Barbara E. Mundy, PhD
Professor of Art History
Fordham University
Barbara E. Mundy specializes in the art and visual culture of 16th century Mexico. With Dana Leibsohn, she co-created Vistas: Visual Culture in Spanish America, 1520-1820. Her recent book, The Death of Aztec Tenochtitlan, the Life of Mexico City (Texas, 2015) was awarded the Bryce Wood Book Award from the Latin American Studies Association, and was recently published in Mexico as La muerte de Tenochtitlan, la vida de México (Grano de Sal, 2018). Her work has been supported by the National Endowment for the Humanities, the Center for Advanced Studies in Visual Art at the National Gallery of Art, and the John Carter Brown Library.
Jacqueline Reich, PhD (Symposium Co-Chair)
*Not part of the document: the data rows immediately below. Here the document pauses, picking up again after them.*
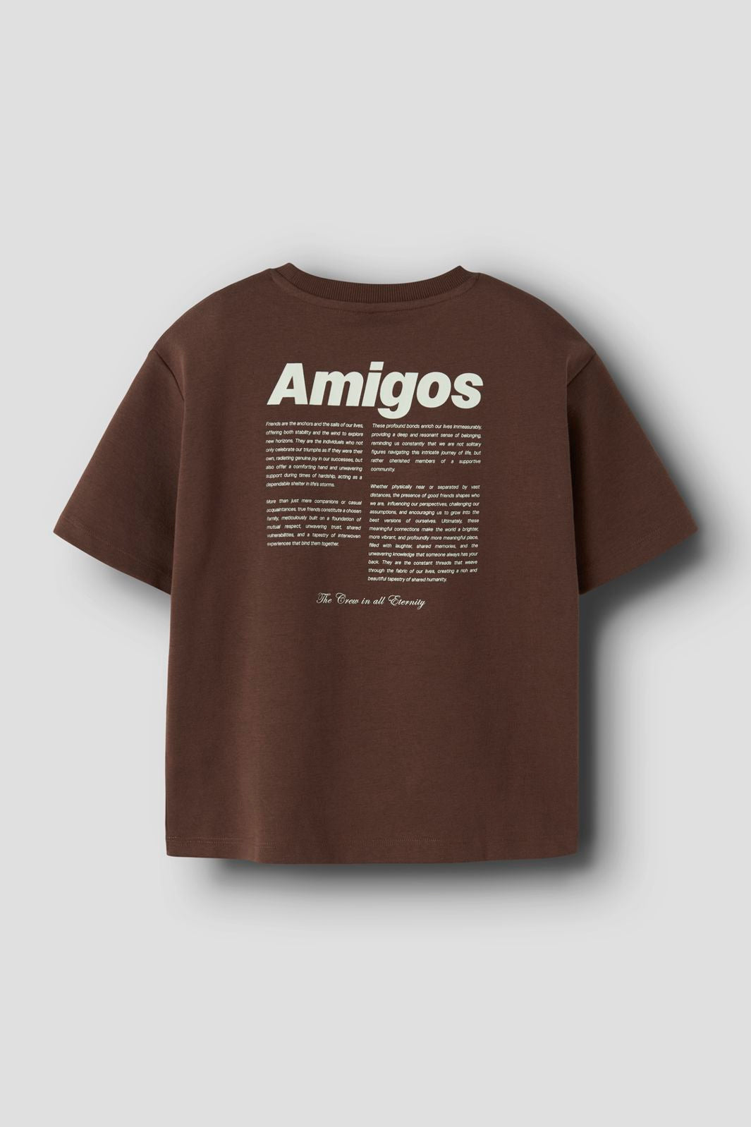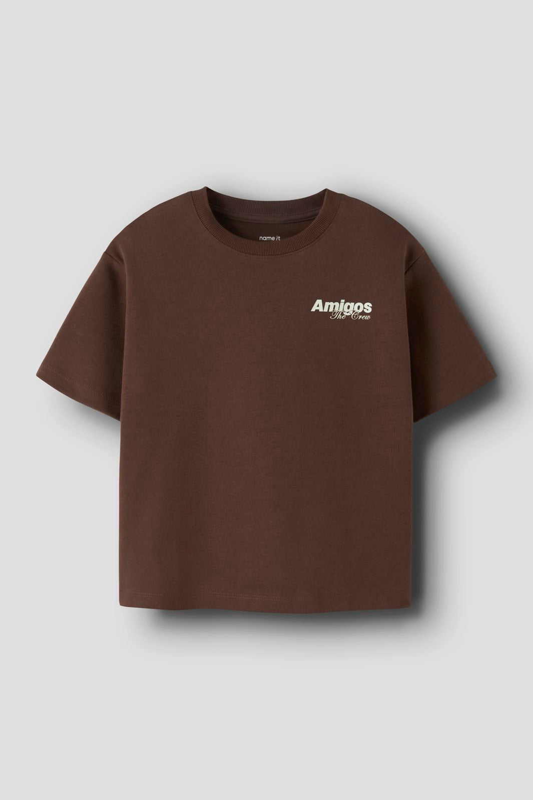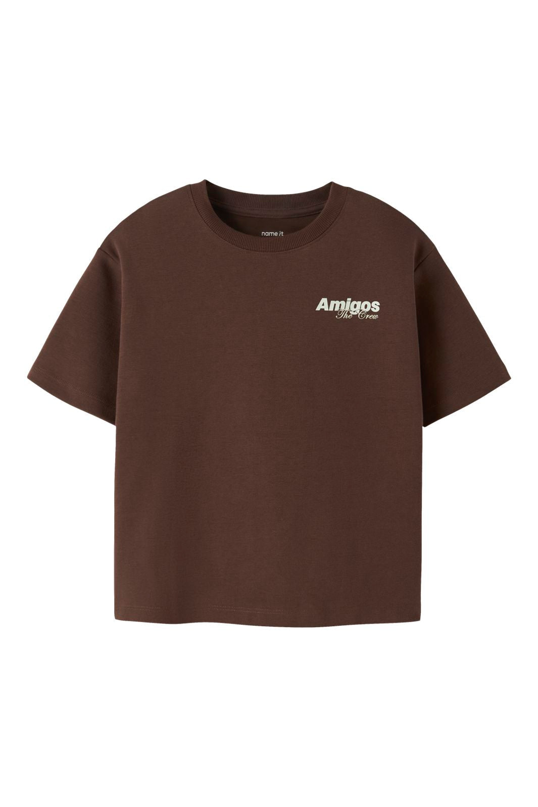Brun t-skjorte fra Name It i en blanding av økologisk bomull og polyester. T-skjorten har en løs passform og et Amigos The Crew-print på forsiden og baksiden.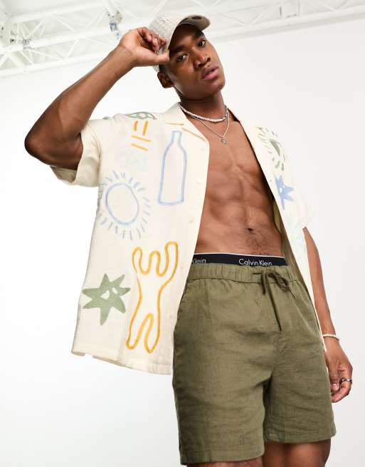 Bershka – Koszula w kolorze ecru z abstrakcyjnym haftem z domieszką lnu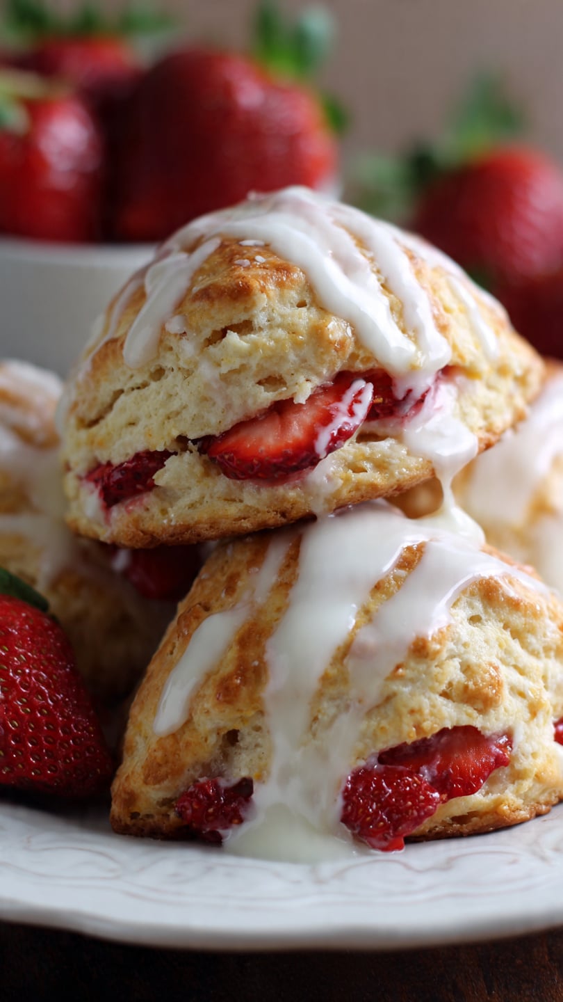 Sometimes I add a touch of lemon zest to the dough for a citrusy contrast. If I want a richer texture, I substitute half the cream with sour cream or buttermilk. For extra decadence, I mix in white chocolate chips or top the scones with a cream cheese glaze. If I don’t have fresh strawberries, I use freeze-dried ones for a burst of flavor without the moisture.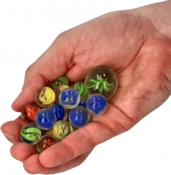 Glasmurmeln sind ein klassisches Spielzeug, das nie enttäuscht! Mit diesem Set erhalten Sie 21 Murmeln in verschiedenen Designs. Die Murmeln können eine einheitliche Farbe haben, durchsichtig mit farbigen Mustern innen oder bunt gepunktet sein, was ihnen ein einzigartiges Aussehen verleiht. Dank ihrer Vielfalt eignen sie sich sowohl für Kinder als auch als Dekoration.
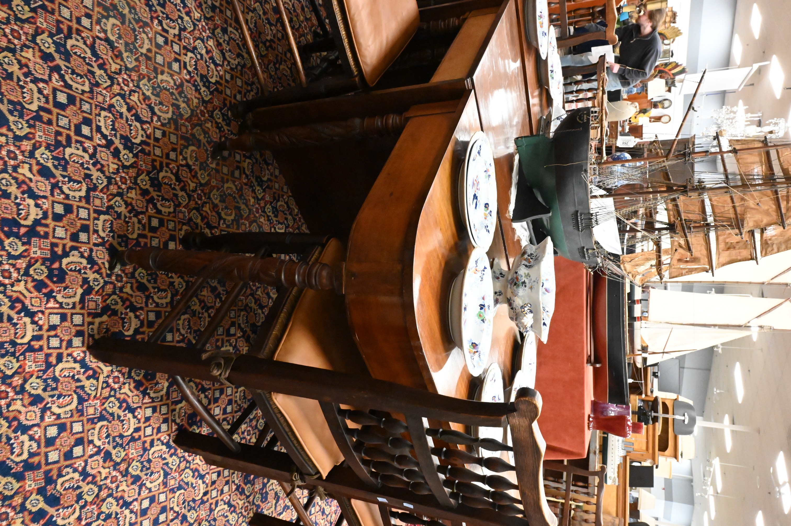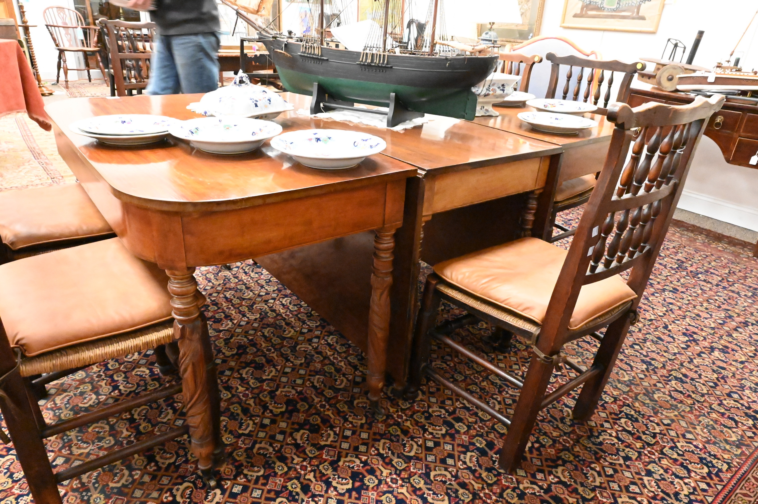three-section dining table with D-shaped ends, raised on turned and acanthus-carved legs ending in brass caps with brass casters, warm brown finish with expected surface wear.

Professor and Chair, Department of Communication and Media Studies
Fordham University
Jacqueline Reich is the author of The Maciste Films of Italian Silent Cinema (Indiana UP, 2015) in collaboration with the Museo Nazionale del Cinema in Turin, Italy, and Beyond the Latin Lover: Marcello Mastroianni, Masculinity, and Italian Cinema (Bloomington: Indiana UP, 2004). She is also co-author, with Catherine O’Rawe, of Divi. La mascolinità nel cinema italiano (Donzelli, 2015) and co-editor with Piero Garofalo of Re-viewing Fascism: Italian Cinema, 1922-1943 (Bloomington: Indiana UP, 2002). At present, she is co-director, along with Kathleen LaPenta-Long, of the Bronx Italian American History Initiative, a digital oral history project, and also serves as Interim co-coordinator for Fordham’s Digital Scholarship Consortium.
http://jacquelinereich.com
Twitter: @Profjreich
Ralph Vacca, PhD
Assistant Professor, Department of Communication & Media Studies
Fordham University
Ralph Vacca explores how design constructs identity and shapes social change in U.S. culture. He studies how media and technology are designed and reimagined by marginalized groups, with a focus on design for promoting emotional health and education.